An inscription at the temple premises reads that the temple of Ramappa was built on behalf of the king, Kakati Ganapathi Deva by his chief commander Rechrla Rudraih at a place called Ranakude in Atukuru province.

The inscription conveys that there were three temples Kateswara, Kameswara and Rudreswara all dedicated to their chief deity Shiva. Today, except for the main edifice of Rudreswara which is more or less intact, the other two shrines are in a totally ruined state.


The Kakatiya kings reigned over Andhra Pradesh for about 200 years between the 10th and 12th centuries AD. They were great builders and patrons of art.The Ramappa temple is a superb example of their love for art, architecture, music and dance.

The Kakatiya kings took Vira Saivam which means militant faith in Shiva and built many richly carved temples of Shiva at Warangal, Hanumakonda, Pillalamarri, Palampeta, Nagupad and Kolanupaka. During their rule of three- and-a-half centuries, the times of Prola Ganapathy and Rudrama are the most prolific in terms of cultural contribution.

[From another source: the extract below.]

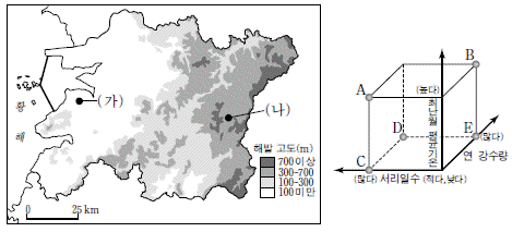 [과목 구분 없음] 지도는 전라북도의 해발 고도 분포를 나타낸 것이다. (가)와 비교한 (나)의 상대적 특징으로 옳은 것을 그래프에서 고른 것은? [3점]
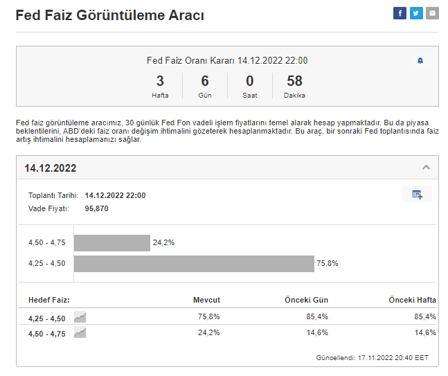Başarılı bir veri sağlayıcısı olan Investing’in aktardıklarına göre, 14 Aralık tarihinde FED yüzde 75.8 ihtimalle 50 baz puanlık bir faiz artışı gerçekleştirecek.

The medieval art and architecture is represented by temples remarkable for richness and finish of appearance.

Kakati Ganapati Deva was a great patron of art and learning and Ramappa temple was his best contribution to the world of South Indian temple architecture.

There was a major earthquake during the 17th century which shook the Ramappa temple and the other nearby temples.